WASHINGTON -- The #MeToo movement encouraging victims of sexual harassment to speak out has roiled Hollywood entertainment studios and D.C. newsrooms--and with bombshell sexual misconduct allegations surfacing against Republican Senate candidate Roy Moore, Washington is gripped with uncertainty about the next political shoe to drop.
"There are, across state capitals and in Washington, D.C., members of Congress who have reputations for untoward behavior," said Steve Schmidt, who guided Republican John McCain's 2008 presidential campaign. "I'm sure they're scared to death."
The Washington Post on Thursday published on-the-record accounts of instances in which Moore, an Alabama Senate candidate, allegedly engaged in sexual contact with young women, charges Moore denies.
But the detailed descriptions of incidents from several decades ago prompted a slew of Republican senators to call on the controversial conservative candidate to step aside if the allegations are true. According to financial disclosure papers, the National Republican Senatorial Committee severed a fundraising agreement with Moore, a significant sign of the party seeking to distance itself from the candidate.
The dramatic scenes unfolded just weeks before the Alabama special Senate election, past the deadline of putting a new candidate on the ballot--a reminder of the limitations of vetting politicians at a time when growing numbers of harassment victims are now feeling emboldened to speak out.
"People will start to think about how to catch this, I do think they're starting to have those conversations," said Colin Reed, senior vice president at the company Definers Public Affairs, and the former executive director of the opposition research-focused group America Rising PAC. "But I don't think there's an easy answer, unless (a candidate) is willing to sit down ... and get asked questions and get answers. It's all incumbent on the candidate, there's no real easy solution."
Opposition research tactics--whether conducted on an opponent or via an internal audit--typically rely on public records, Reed noted. Campaigns and party committees often don't have the resources or manpower to wade through scenarios in which individuals could come forward with serious personal allegations.
"Opposition research at its core, which is what these vets that outside groups and ... party committees do, is based on public documents, not Jason Bourne tactics, chasing people around," he said. "It's up to the candidates and potential candidates whether they want to sit down and get cross-examined about all the things that could come to light if someone speaks. But it's incumbent on candidates, whether or not he or she wants to reveal that stuff. No one can find certain stuff unless someone speaks ... there's no way to do that unless it's the candidate himself."

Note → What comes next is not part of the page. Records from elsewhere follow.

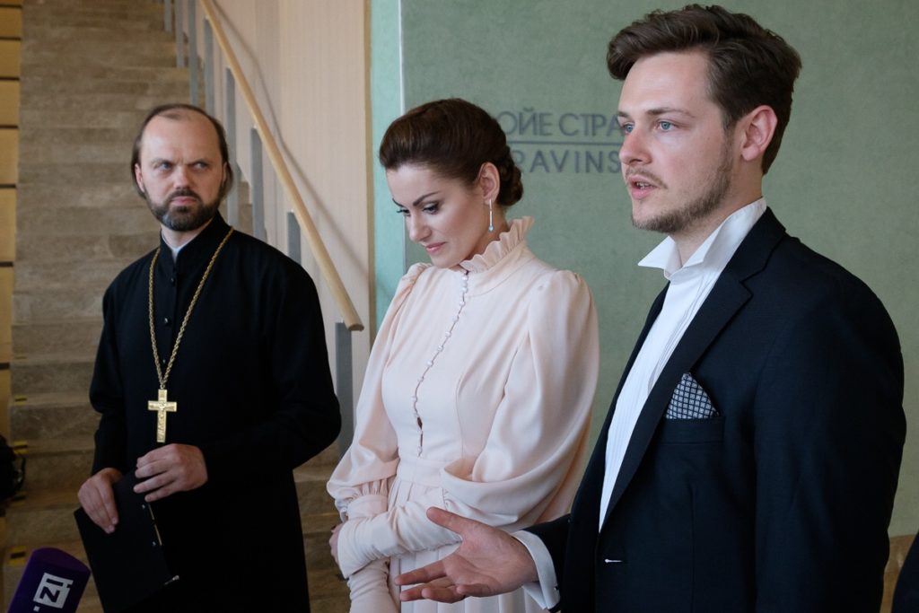 Ведущими вечера стали заслуженная артистка России Анна Ковальчук и хормейстер Академии молодых певцов Мариинского театра Павел Теплов. Перед началом спектакля в фойе Стравинского состоялся пресс-подход, во время которого журналисты ведущих теле- и радиоканалов смогли задать свои вопросы. В пресс-подходе приняли участие: иерей Илия Макаров, заслуженная артистка России Анна Ковальчук, солист Мариинского театра Павел Теплов и режиссер Алена Поликовская.
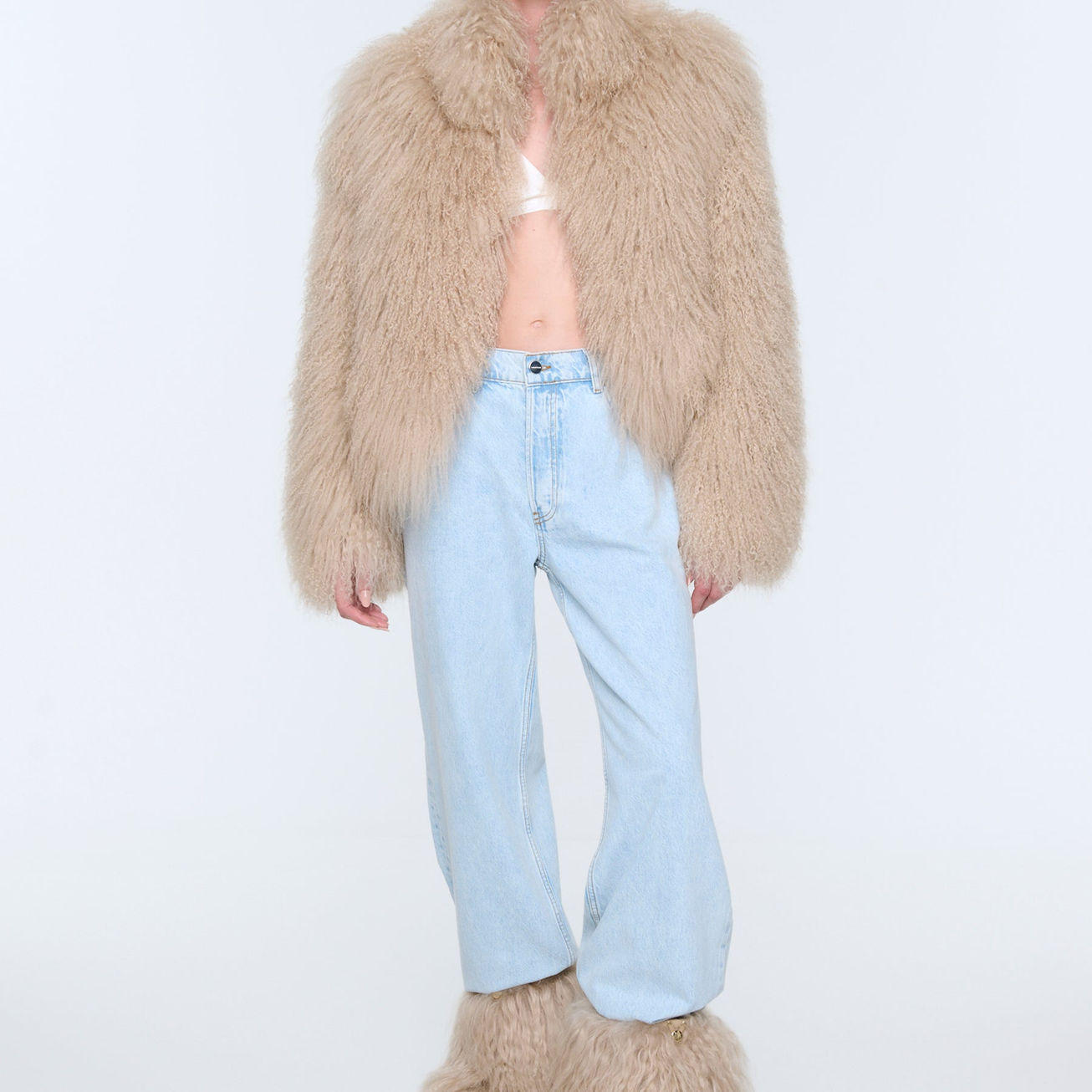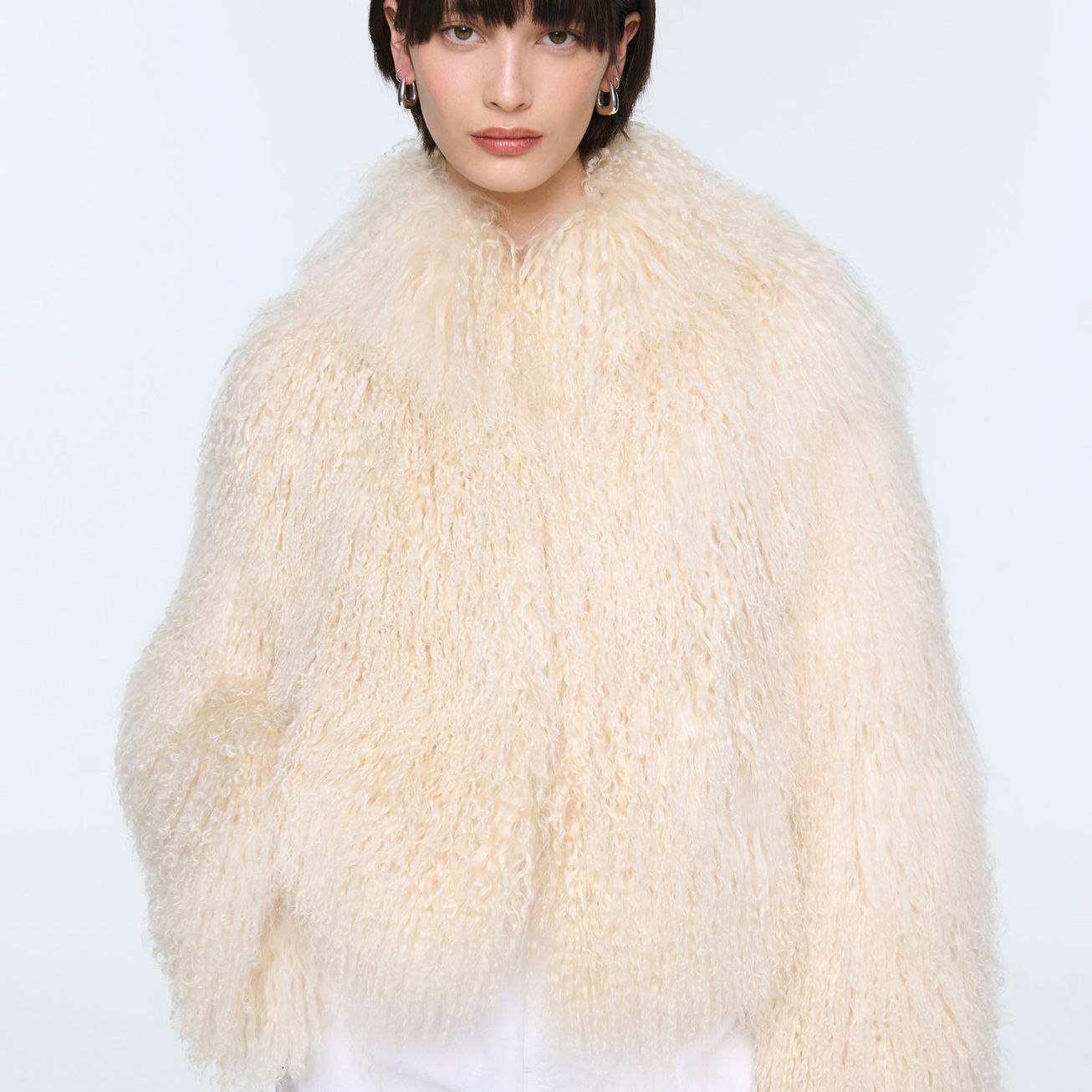 Cortado de la piel de oveja más suntuosa de Mongolia, este abrigo causa sensación dondequiera que vaya. El acabado natural rizado y los cierres discretamente ocultos hacen que esta pieza sea tan elegante como acogedora.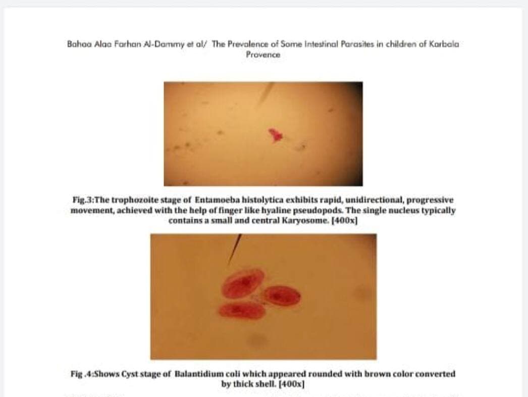 بتوفيق من الله تم نشر بحث مفرد في المجله العالميه (pharmaceutical Research ) والمصنفه ضمن مستوعبات سكوبس العالمي (Q2 scopus) للاستاذ الباحث ( م.م بهاء علاء فرحان ). البحث يتطرق الى مسح ميداني لمدى انتشار حالات الاصابه بالطفيليات الجهاز الهضمي intestinal parasite في الاطفال في محافظه كربلاء وحساب أليه تأثير الاصابه على المستوى الصحي للاطفال ودراست اهم الظواهر من علامات مرضيه شائعه تواكب الاصابه بهذا النوع من العدوى وتم التشخيص عن طريق جمع عينات من اطفال تظهر عليهم علامات هضميه من متوسطه الى شديده واستخدام طريقه الفحص المجهري المختبري...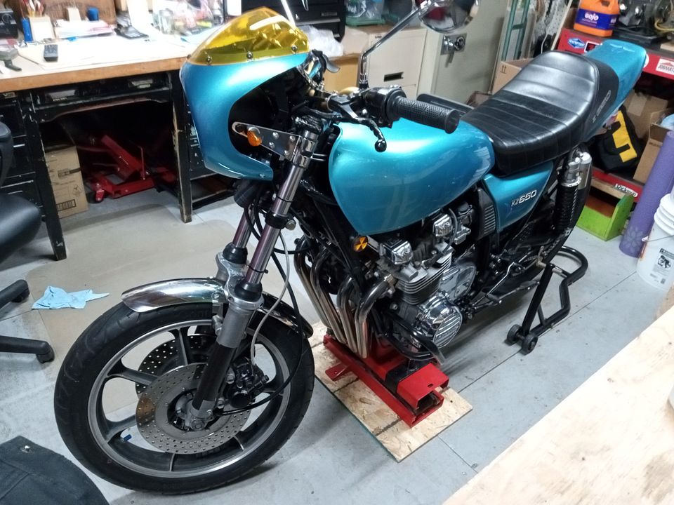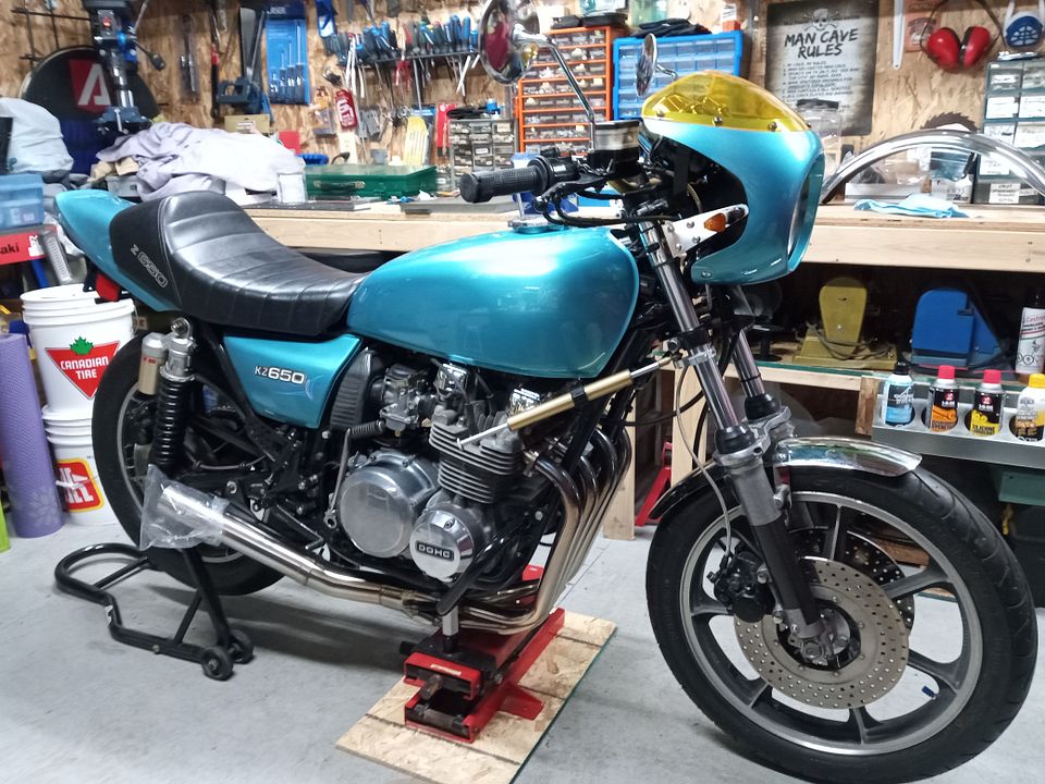 1978 KZ650 C2, 130K kms, Delkevic ex, EI, CVK32, PMC easy clutch, ATK fork brace, steering damper, braced swingarm, ZRX shocks, 18" Z1R front wheel.

In interviews following the Moore revelations, opposition research experts credited reporters -- not partisan researchers -- with uncovering the biggest allegations to date, whether against Moore or Hollywood mogul Harvey Weinstein. The current climate, they said, will only encourage more digging, in every industry.
"l definitely think there will be an increased focus on sexual assault and harassment in vetting and oppo but there are certain types of stories that really require the kind of sourcing that journalists have the credibility to unearth," said Tim Miller, who was a co-founder of America Rising and communications director for Jeb Bush's presidential campaign.